MTTS2000 adopts 12nm process, uses 4096 MUSA cores, is configured with a maximum of 32GB of video memory, single-precision computing power can reach up to 12TFlops, supports H.264, H.265, AV1 multi-channel HD video codec, and a wide range of AI model algorithm acceleration. At the same time, MTTS2000 also adopts passive heat dissipation and single-slot design to meet the high-density GPU configuration mode of data centers. At present, MTTS2000 has been compatible with CPU architectures such as X86 and ARM and mainstream Linux operating system distributions, and has established cooperative relations with many server partners such as Inspur, New H3C, Lenovo, and Tsinghua Tongfang, and the product ecology continues to improve. As the company's GPU chip for the data center field, in addition to the ecology, MTTS2000 also has the advantages of full-featured GPU, rich graphics API support, and green computing. Based on the advantages of multi-dimensional computing power and ecological improvement, MTTS2000 is expected to help the company empower PC cloud desktop, Android cloud gaming, audio and video cloud processing, cloud Unreal/Unity application rendering, and AI inference computing.

7. Future prospects.

(1) In the future, some manufacturers are expected to usher in explosive growth.

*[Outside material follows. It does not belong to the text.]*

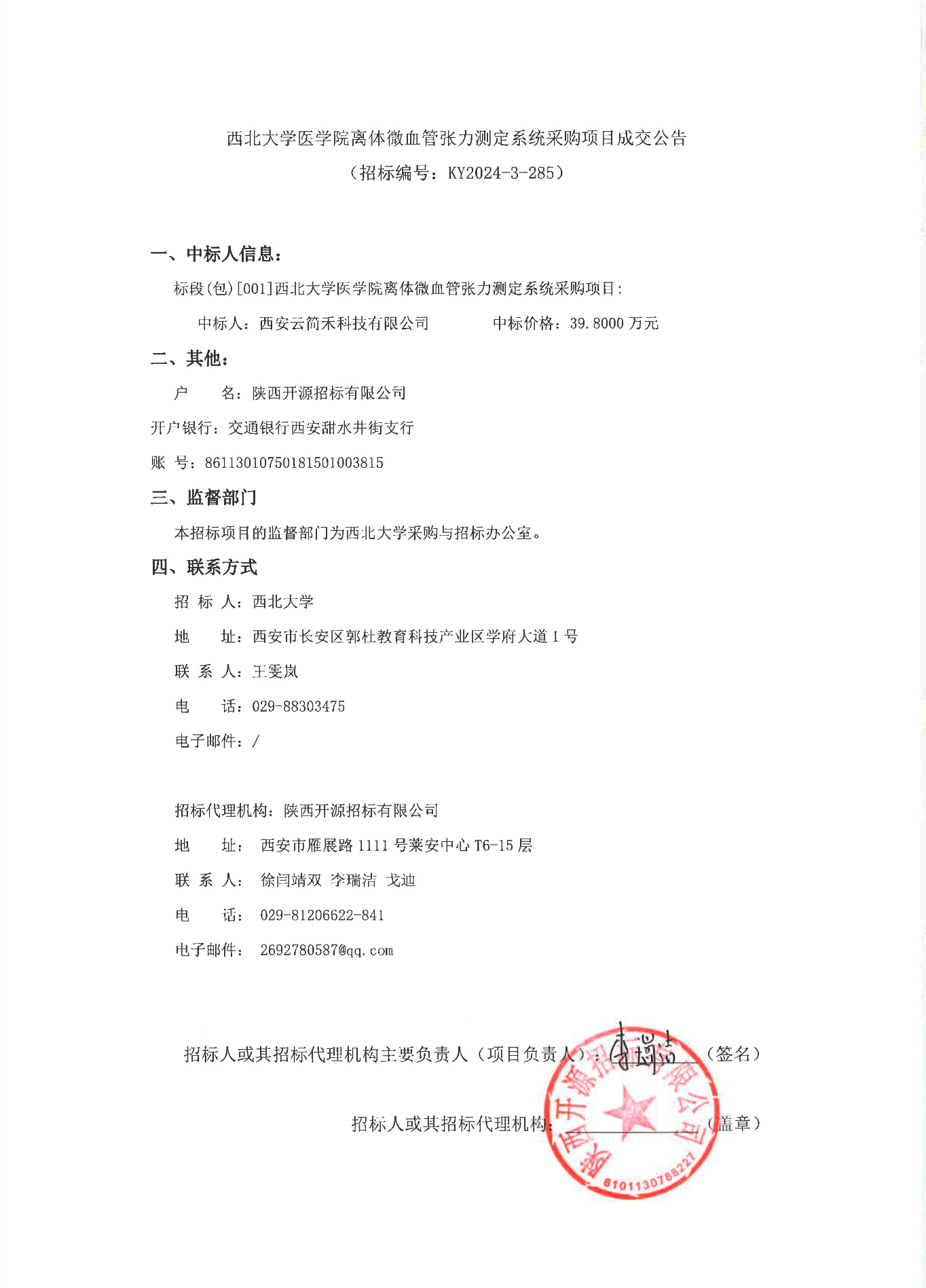 宝威体育官网首页医学院离体微血管张力测定系统采购项目成交公告 作者:采购与招标办公室 编辑: 时间:2024-12-06 原公告链接:http://bulletin.sntba.com/resultBulletin/2024-12-06/1994392.html

As the core base of data computing, GPU has a high strategic position, the country attaches great importance to it, and under the background of Sino-US scientific and technological friction, independent and controllable is imperative. From the perspective of growth, the global market space is vast, and the domestic market size has reached tens of billions, and it has accelerated with the increase in downstream demand. Under the background of increasing total demand driven by digitalization, superimposed on the trend of localization, the domestic GPU industry has ushered in opportunities for both total volume and share, and the development of domestic GPU manufacturers has accelerated. Under the large market demand, the localization space of GPUs is broad, the scarcity of excellent manufacturers is highlighted, and the growth is accelerated, and some manufacturers are expected to grow explosively.

(2) China's GPU market will grow rapidly and is expected to bring faster growth to the corresponding segments.

The huge demand and the gradual maturity of the industry indicate a broad space for development. In the context of new scenarios such as artificial intelligence, cloud gaming, and autonomous driving, and the explosive growth of demand, it can be judged that China's GPU market will grow rapidly, and compared with the PC market, the new market space may be larger. Compared with traditional IT application scenarios such as PCs, China is at the same level of competition as powerful countries in the field of artificial intelligence and autonomous driving, and China's huge market is expected to bring faster growth to corresponding segments.